4) “Mayans M.C.,” 10 p.m. Tuesday, FX, rerunning at 11. His brother warned him that you can’t be in two worlds, but EZ keeps truing. After a brutal (and deadly) battle with other bikers, he went to a warm family dinner with his sweet girlfriend Gaby. Now the double life implodes, in an hour that is violent and disturbing, but beautifully crafted. It’s often quite mellow, but then has two fierce scenes – Galindo with his wife (whom he suspects of plotting against him) and then EZ and Gaby, in a stroll downtown.
5) Presidential speech and alternatives, 9 p.m. ET. There’s no official State of the Union speech in the first year, but most presidents do a variation. Two days shy of the 100-day mark, Joe Biden has his turn. Big networks will cover it (and, in the West, give part of prime time back to the stations). Alternatives include an intense “Nancy Drew” rerun (9 p.m., CW) and movies: “Casino,” 7 p.m., Paramount; “Bourne Identity,” 8 p.m., AMC; Julia Roberts’ “Wonder,” 8:30, Freeform; and “61*,” 9 p.m., HBO.
6) “Let’s Be Real” debut, 9:30 p.m. Thursday, Fox. “The Moodys” – a clever show that never found an audience – has been pulled. Instead, Fox has four episodes of this show from Robert Smigel (creator of “TV Funhouse” and Triumph the Insult Comedy Dog), mixing puppets and people. Its election special last fall ranged from sharp wit to moments that only Triumph would enjoy. Now those puppets (Biden, Trump, etc.) meet new ones for Andrew Cuomo, Ted Cruz, Anthony Fauci, LeBron James and more.
7) “MacGyver” series finale, 8 p.m. Friday, CBS. The other Friday CBS shows have each seen their ratings drop 15 percent, but are still doing well; they’ll be back next season – the fourth for “Magnum P.I.” (9 p.m.) and 12th for “Blue Bloods” (10). But “MacGyver,” with a 22 percent drop, is ending after five seasons. In its last new episode, Mac and Riley go missing. Waking up in a corn field, with no idea what happened, they must figure out who took them … and how to get nanotrackers out of their bodies.

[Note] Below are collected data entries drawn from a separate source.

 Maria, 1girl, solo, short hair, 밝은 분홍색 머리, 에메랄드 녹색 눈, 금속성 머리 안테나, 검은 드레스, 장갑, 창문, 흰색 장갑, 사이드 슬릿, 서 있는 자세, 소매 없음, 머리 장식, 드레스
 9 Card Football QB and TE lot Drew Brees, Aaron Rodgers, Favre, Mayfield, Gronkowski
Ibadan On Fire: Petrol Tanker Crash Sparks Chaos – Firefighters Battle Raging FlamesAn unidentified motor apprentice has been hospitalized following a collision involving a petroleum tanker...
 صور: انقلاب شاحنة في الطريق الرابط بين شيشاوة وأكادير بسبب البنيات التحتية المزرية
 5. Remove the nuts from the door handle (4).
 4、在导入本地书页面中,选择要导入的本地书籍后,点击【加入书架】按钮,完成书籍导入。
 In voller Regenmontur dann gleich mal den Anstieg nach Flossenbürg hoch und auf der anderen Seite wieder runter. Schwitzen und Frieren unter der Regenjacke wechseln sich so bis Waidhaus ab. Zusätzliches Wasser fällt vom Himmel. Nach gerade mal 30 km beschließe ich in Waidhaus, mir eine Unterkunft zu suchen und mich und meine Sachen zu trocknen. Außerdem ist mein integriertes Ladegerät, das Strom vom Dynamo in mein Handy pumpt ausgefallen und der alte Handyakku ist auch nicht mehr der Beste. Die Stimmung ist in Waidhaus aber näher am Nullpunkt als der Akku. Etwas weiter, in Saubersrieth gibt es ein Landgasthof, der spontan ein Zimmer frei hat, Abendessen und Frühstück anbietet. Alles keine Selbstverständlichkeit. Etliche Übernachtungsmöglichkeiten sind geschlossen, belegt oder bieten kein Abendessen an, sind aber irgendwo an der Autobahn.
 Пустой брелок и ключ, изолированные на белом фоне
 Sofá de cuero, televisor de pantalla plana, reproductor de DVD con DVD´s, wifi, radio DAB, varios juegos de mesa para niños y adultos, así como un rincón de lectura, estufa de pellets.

8) “International Jazz Day 10th Anniversary Celebration,” 9-11 p.m. Friday, PBS. Ever since 2012, there have been worldwide jazz events on April 30, culminating with a mega-concert. Last year, that went virtual; this time, we get highlights from the first eight years. Some of the instrumental solos may tax the patience of casual fans, but there are vibrant moments from Annie Lennox, Stevie Wonder, Sting, Aretha Franklin, Wynton Marsalis, Dianne Reeves and more, plus a potent “Imagine” finale.

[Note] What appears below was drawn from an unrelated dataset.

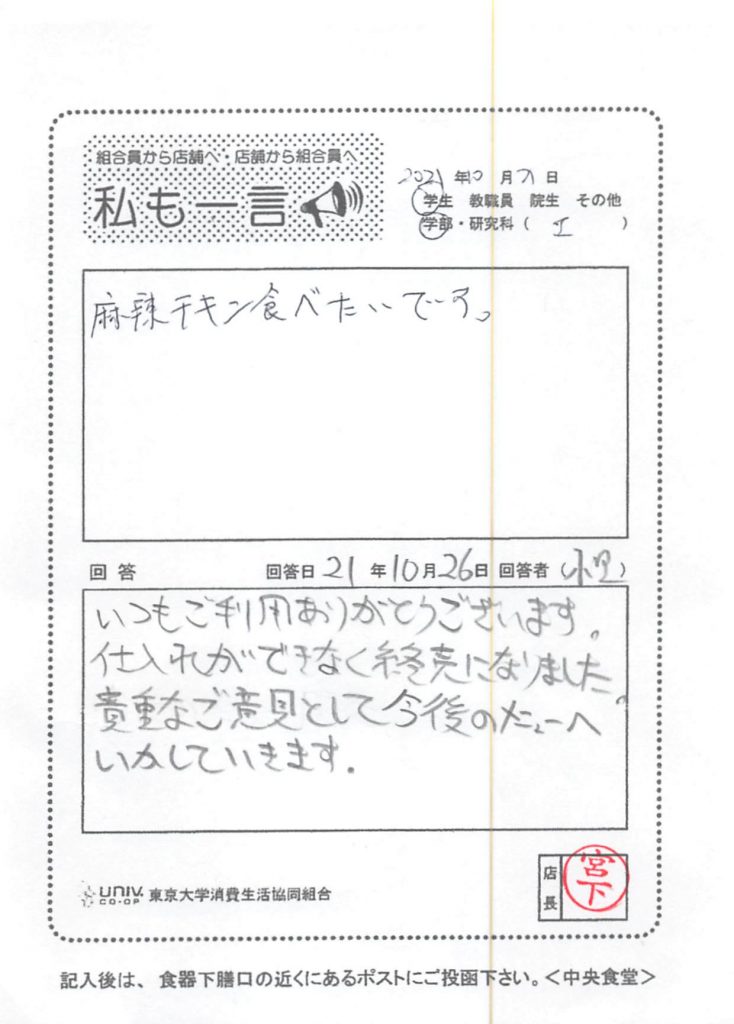 食堂で毎日ご飯を食べるのが楽しい・・・

9) “Legends of Tomorrow” season-opener, 8 p.m. Sunday, CW. As last season ended (11 months ago), the team defeated the Fates and celebrated … until Sara (Cathy Letz), the captain, was kidnapped by the Aliens. Now Rory and Behrad search for someone to help; Constantine (Matt Ryan, who has played the same role in two “Constantine” series) tries his magic. We also see Sara trying to escape, even releasing some Aliens into the timeline. Then she’s shocked to learn the identity of one of the captors.

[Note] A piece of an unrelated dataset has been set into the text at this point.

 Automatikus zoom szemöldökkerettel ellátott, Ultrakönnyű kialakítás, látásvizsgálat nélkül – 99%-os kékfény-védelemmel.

10) “Pose” season-opener, 10 and 11 p.m. Sunday, FX; reruns at midnight. “The world is cold and cruel and full of disease,” Pray Tell rages. That seems current, but this is 1994. AIDS has taken many of his friends, another is in critical care and his boyfriend has tested positive. Pray (brilliantly played by Billy Porter, who has two Emmy nominations in the role) crumbles into alcoholism. This two-parter works as a self-contained story, while launching the six-week final season for this harsh but well-made show.